(Beginning of EXTRACTED DATA)
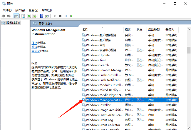 2、进入到新的窗口界面后,找到“Windows Management Instrumentation”双击打开。
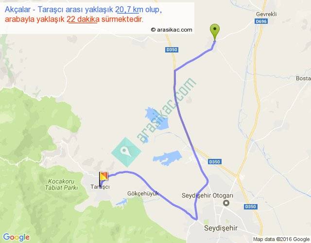 Akçalar - Taraşcı arası yaklaşık olarak 90 km/h ile yukarıda belirtilen sürede olup, iki yerin kuş uçuşu uzaklığı (mesafesi) 11'dir. Yolculuk otobüsle 28 dakika sürmektedir.
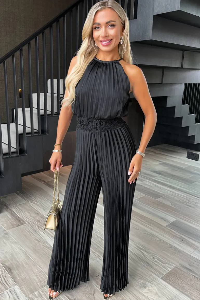 Neck Shirred Waist Pleated Jumpsuit. Designed in a black pleated
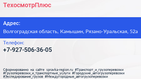 ТехосмотрПлюс по адресу Волгоградская область, Камышин, Рязано-Уральская, 52а в дальнейшем Организация, размещена в следующих категориях:
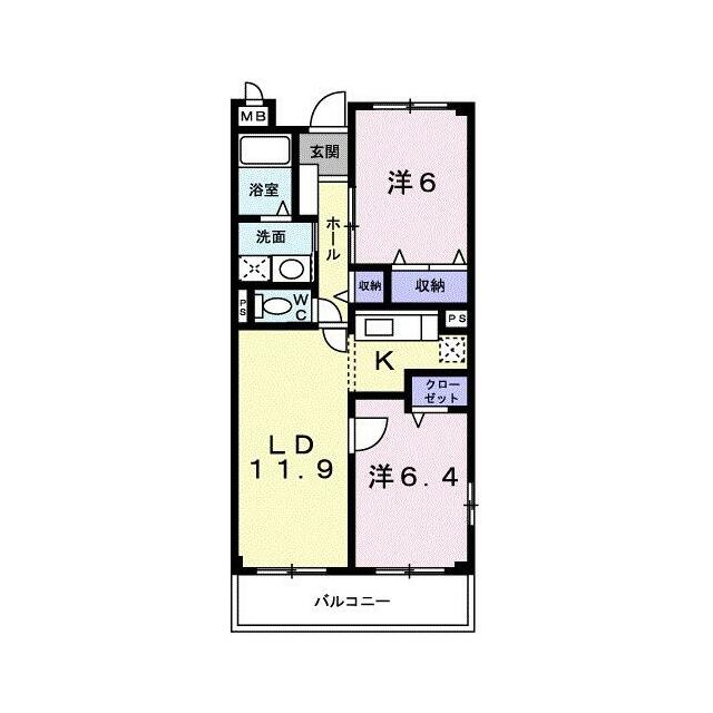 2LDK(洋6.4・洋6・LDK11.9) |
(End of EXTRACTED DATA)
▶ _WHAT TO WORK ON_
Could you write out the records again exactly, without any of their pictures?

▶ _EXERCISE RESULT_
 2、进入到新的窗口界面后,找到“Windows Management Instrumentation”双击打开。
 Akçalar - Taraşcı arası yaklaşık olarak 90 km/h ile yukarıda belirtilen sürede olup, iki yerin kuş uçuşu uzaklığı (mesafesi) 11'dir. Yolculuk otobüsle 28 dakika sürmektedir.
 Neck Shirred Waist Pleated Jumpsuit. Designed in a black pleated
 ТехосмотрПлюс по адресу Волгоградская область, Камышин, Рязано-Уральская, 52а в дальнейшем Организация, размещена в следующих категориях:
 2LDK(洋6.4・洋6・LDK11.9) |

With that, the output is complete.